It’s been awhile since I’ve written. I am still here! I hope you all are too! It’s been quite a journey. Recently I went on an off road camping adventure with a girlfriend. She has a jeep. A brand new jeep. A brand new fancy basically self driving jeep designed specifically for off roading. For some of the trip I had to get out of the jeep and walk. The sheer cliff on our left side, on the bumpy dirt road we were on was just too much for me. My friend didn’t miss a beat. “Sure, jump out. No problem. You want to go ahead of me or me go ahead of you?” She’s an amazing friend!
I haven’t been surrounded by a lot of people in my life who just accepted me and my quirks, but over the past few months I have been expanding my circle and letting new people into my life. It has been the most beautiful experience!
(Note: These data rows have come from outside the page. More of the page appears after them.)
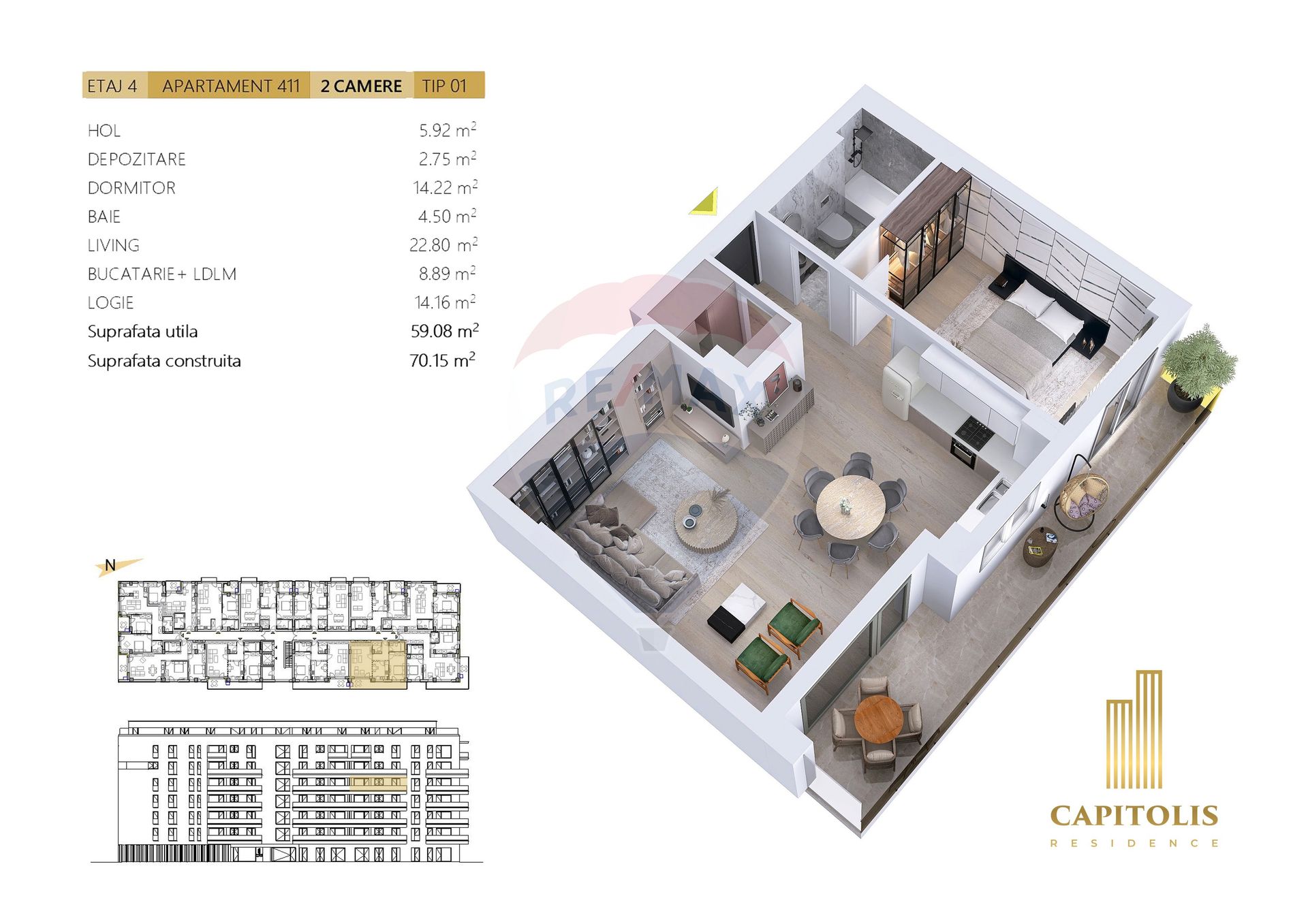 Apartament cu 2 camere, etaj 4, orientare E, Capitolis Residence
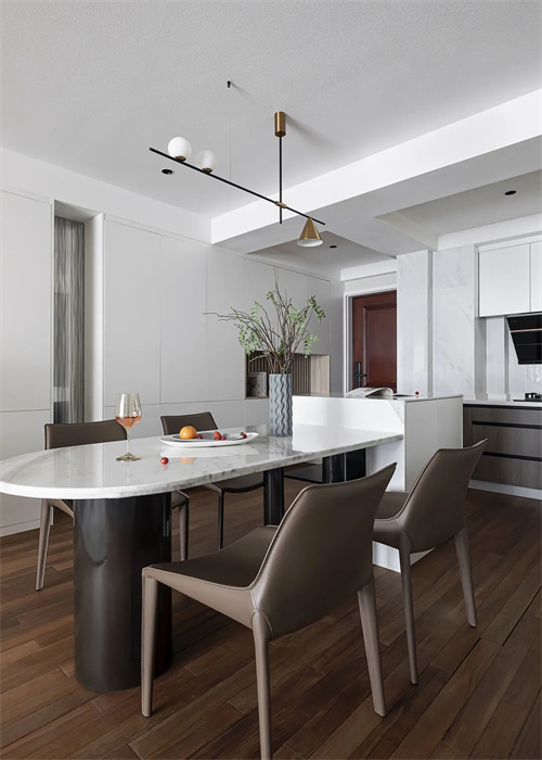 L型开放式厨房布局宽敞明亮,整洁有序,让理想中的美食有了更多的互动性和可能性。
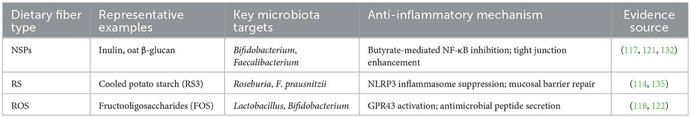 It is necessary to emphasize the synergistic role of both “quality” and “quantity” when examining protein's regulation of depression: 1. in terms of quality, the antidepressant effect of high-biological-value proteins (containing complete essential amino acids, such as dairy and fish proteins) is significantly superior to that of low-biological-value proteins (such as single-grain proteins). A cohort study of American adults (27) showed that individuals who consumed high-biological-value proteins (accounting for more than 50% of total protein intake) daily had a 28% lower risk of depression (OR = 0.72, 95% CI: 0.58–0.89), while low-biological-value proteins did not provide such a protective effect. This is directly related to the higher content of tryptophan and tyrosine in high-biological-value proteins, which support neurotransmitter synthesis (31); 2. in terms of quantity, there is a “threshold effect”: a study of Indian middle school students (28) indicated that when daily protein intake was ≥1.2 g/kg body weight, intestinal tryptophan supply was stable, 5-HT (5-hydroxytryptamine) synthesis was sufficient, and depression scores decreased significantly (mean difference = −1.8 points, P < 0.01); intake below this threshold increased the risk of depression, while excessive intake (≥2.0 g/kg body weight) did not further enhance the antidepressant effect. Instead, the increased metabolic burden of protein led to a higher abundance of intestinal Bacteroides (23), which may induce microbiota dysbiosis. Additionally, tryptophan supplementation (500 mg/day) can temporarily improve mood in patients with mild depression (reducing BDI-II scores by 2.5 points), but high doses (≥1,000 mg/day) may induce serotonin syndrome due to excessive activation of 5-HT (31); tyrosine supplementation (1,000 mg/day) is effective for depressed patients with fatigue symptoms (increasing energy scores by 15%), which is related to tyrosine acting as a dopamine precursor to improve motivation (32); in contrast, glutamine supplementation (2,000 mg/day) showed no antidepressant effect due to its low blood-brain barrier penetration rate (< 10%) (33). These results suggest that single amino acids need to be applied precisely to specific depression subtypes (such as fatigue-type or low-5-HT-type depression) rather than being used as a broad-spectrum intervention.
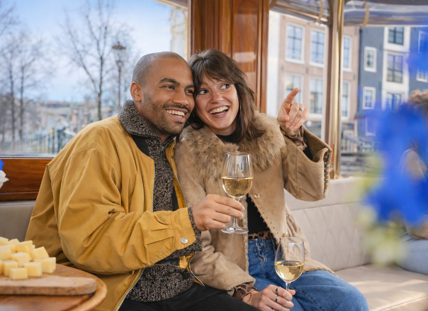 Ha szeretnéd, választhatod a Sajt és bor opciót is a hajóutadhoz. Ez két helyi holland sajtot jelent, amit igazi groningeni mustárral szolgálnak fel, plusz korlátlan italt, beleértve a bort, a sört és az üdítőket, miközben a csatornákon hajózol.
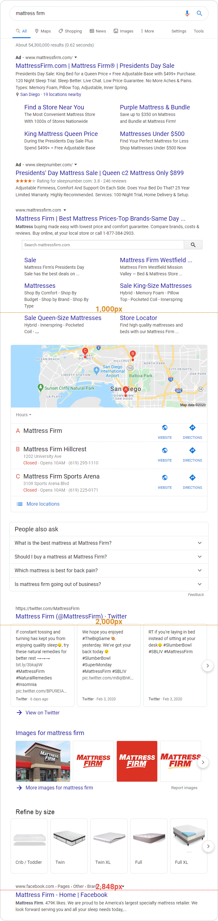While the #1 result has solid placement, the #2 result is pushed all the way down to 2,848px. Note that the #1 position has a search box plus six full site-links below it, taking up a massive amount of real estate. Even the brand's ad has site-links. Below #1 is a local pack, People Also Ask results, Twitter results from the brand's account, heavily branded image results, and then a product refinement carousel (which leads to more Google searches).
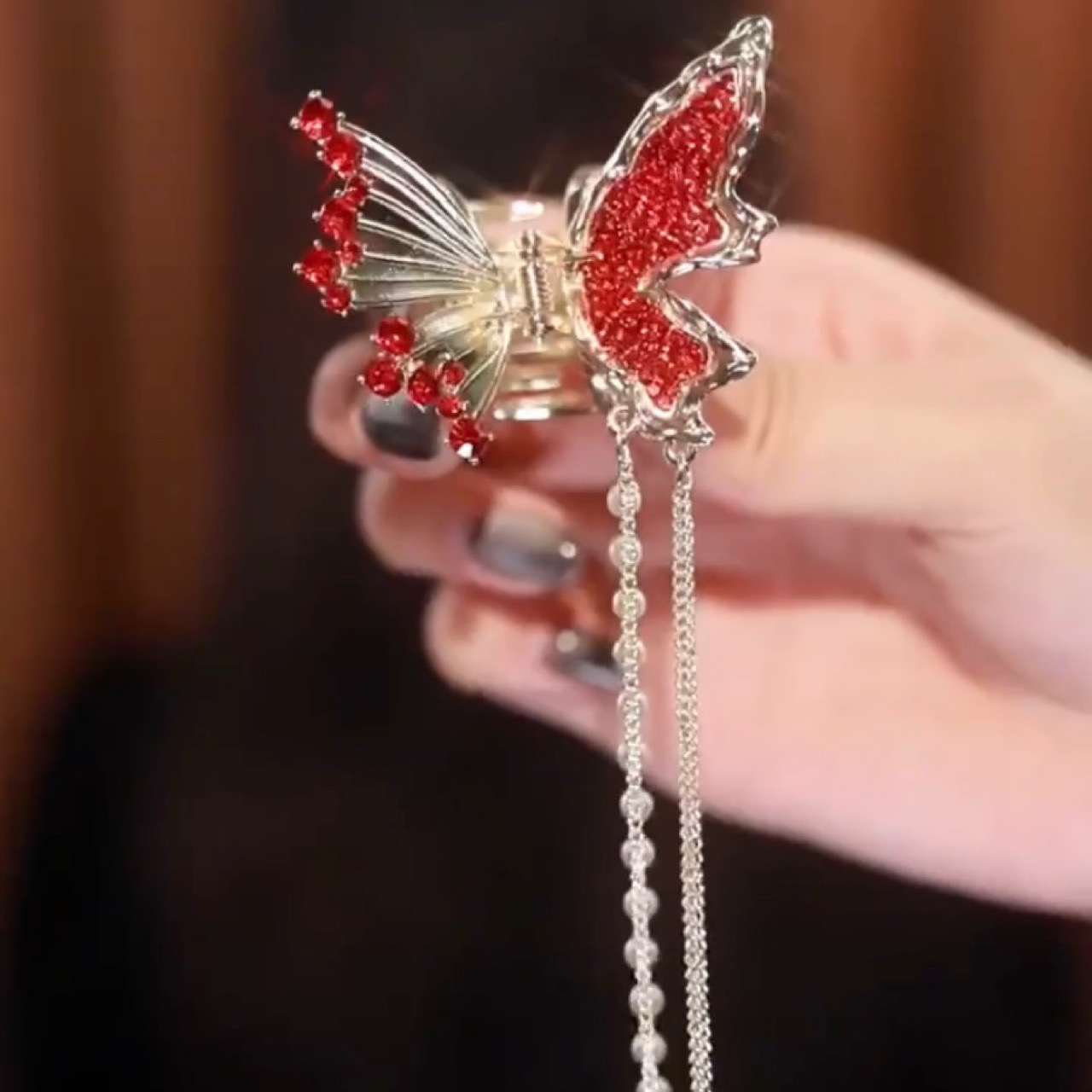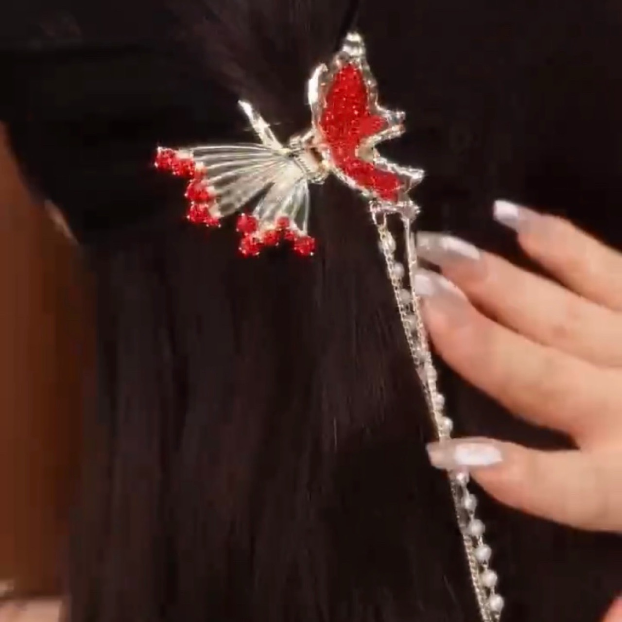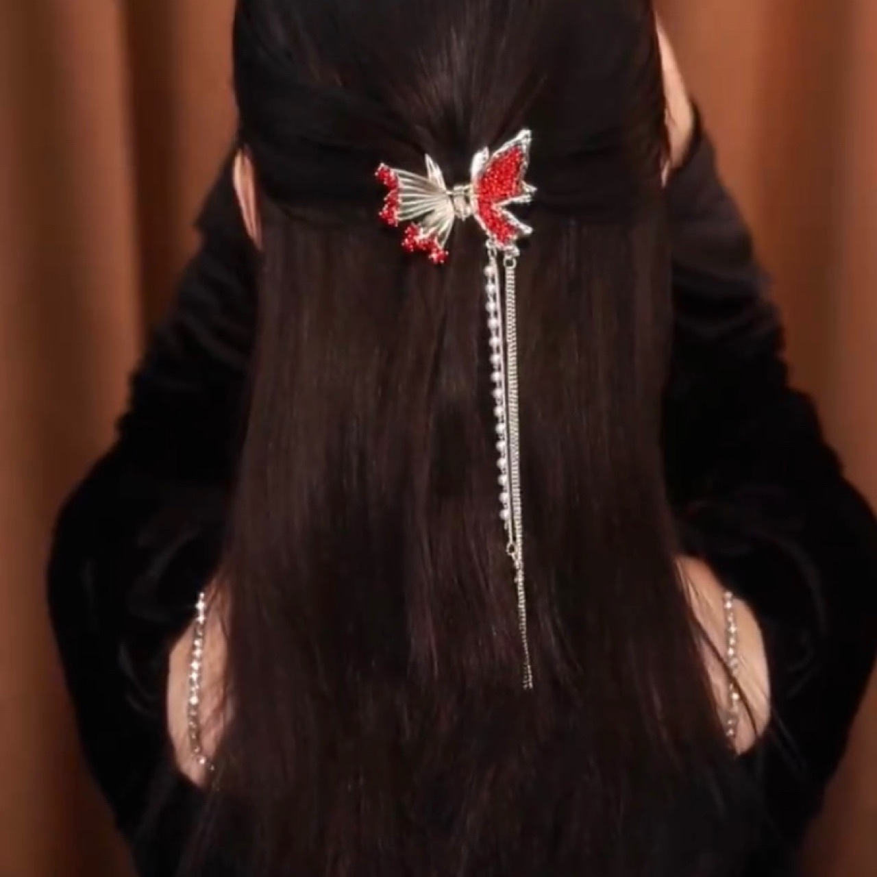 Product information :Material: alloyTreatment: electroplatingClassification of hair clips: grab clipsColor: redPacking list:Grip *1
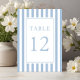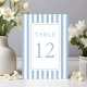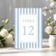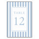 Elegante gestreifte Puderblaue Hochzeit Tischnummer

There really are some amazing people out there. I have also released all of the shame and guilt I held over being estranged from my daughter and not liking or getting along with my sister. It is empowering and a weight has been lifted from my shoulders. I have also let go of my anger and resentment of others.
This did not come easily. I spent time recently in service at a meditation center. While in service, you perform duties around the meditation center to help get it ready for the next meditation course. You also get 3 hours a day of silent meditation. During my silent meditation hours I went deep into meditation. I dropped into a dark whole and explored a lot of my fears and my beliefs. At night my dreams were extremely intense, bringing up all the issues I had worked on in meditation. (*I do realize meditation is for clearing your mind, however even when focusing on your breathe or your body (as you do in Vipassanna) issues arise that you work through and find relief for your mind, body, and soul.) It is not easy work, but it is worth it.
I am no longer suicidal. I do not believe the suicidal ideation will return. I will still have bad days. I will still have days where I doubt myself, but as long as I continue on my journey I know I will be okay. Please don’t ever give up!